> [Material to process]:
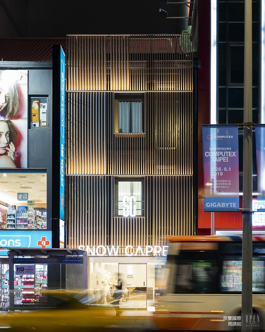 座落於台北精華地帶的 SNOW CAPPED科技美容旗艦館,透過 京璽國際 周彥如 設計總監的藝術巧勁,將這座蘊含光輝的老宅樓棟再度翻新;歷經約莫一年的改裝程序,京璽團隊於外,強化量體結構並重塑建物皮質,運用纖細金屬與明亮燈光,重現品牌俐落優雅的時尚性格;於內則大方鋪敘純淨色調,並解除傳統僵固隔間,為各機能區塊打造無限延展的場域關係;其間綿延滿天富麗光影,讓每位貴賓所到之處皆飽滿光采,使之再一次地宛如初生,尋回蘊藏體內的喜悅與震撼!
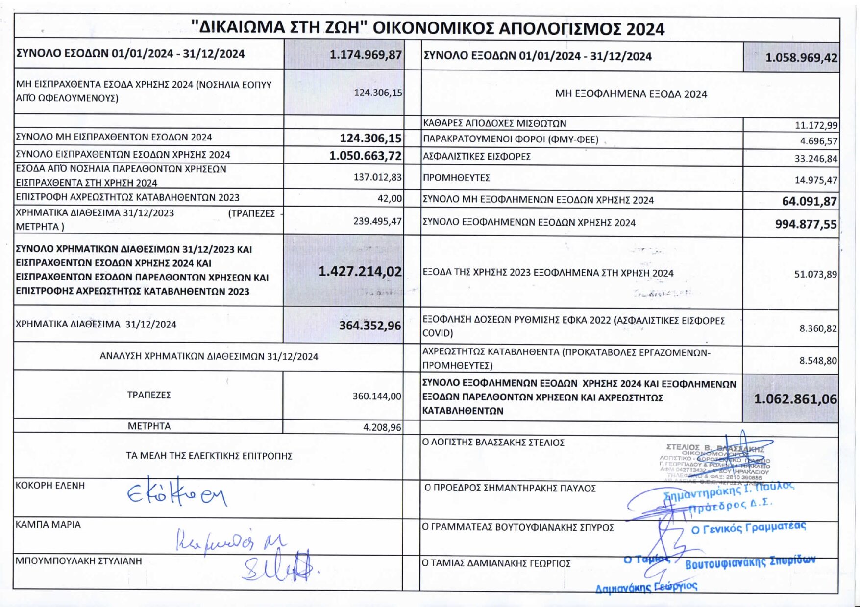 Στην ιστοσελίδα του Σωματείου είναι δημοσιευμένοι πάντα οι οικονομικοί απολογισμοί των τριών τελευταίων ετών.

---

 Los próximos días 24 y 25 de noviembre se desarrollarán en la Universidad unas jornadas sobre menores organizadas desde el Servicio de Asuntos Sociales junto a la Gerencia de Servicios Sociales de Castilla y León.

> [How to complete this task]: The material above holds pictures; leave them out and set down exactly the lines from the line with "座落於台北精華地帶的 SNOW CAPPED科技美容旗艦館,透過" to the line with "Στην ιστοσελίδα του", both included.

> [Written response]:
 座落於台北精華地帶的 SNOW CAPPED科技美容旗艦館,透過 京璽國際 周彥如 設計總監的藝術巧勁,將這座蘊含光輝的老宅樓棟再度翻新;歷經約莫一年的改裝程序,京璽團隊於外,強化量體結構並重塑建物皮質,運用纖細金屬與明亮燈光,重現品牌俐落優雅的時尚性格;於內則大方鋪敘純淨色調,並解除傳統僵固隔間,為各機能區塊打造無限延展的場域關係;其間綿延滿天富麗光影,讓每位貴賓所到之處皆飽滿光采,使之再一次地宛如初生,尋回蘊藏體內的喜悅與震撼!
 Στην ιστοσελίδα του Σωματείου είναι δημοσιευμένοι πάντα οι οικονομικοί απολογισμοί των τριών τελευταίων ετών.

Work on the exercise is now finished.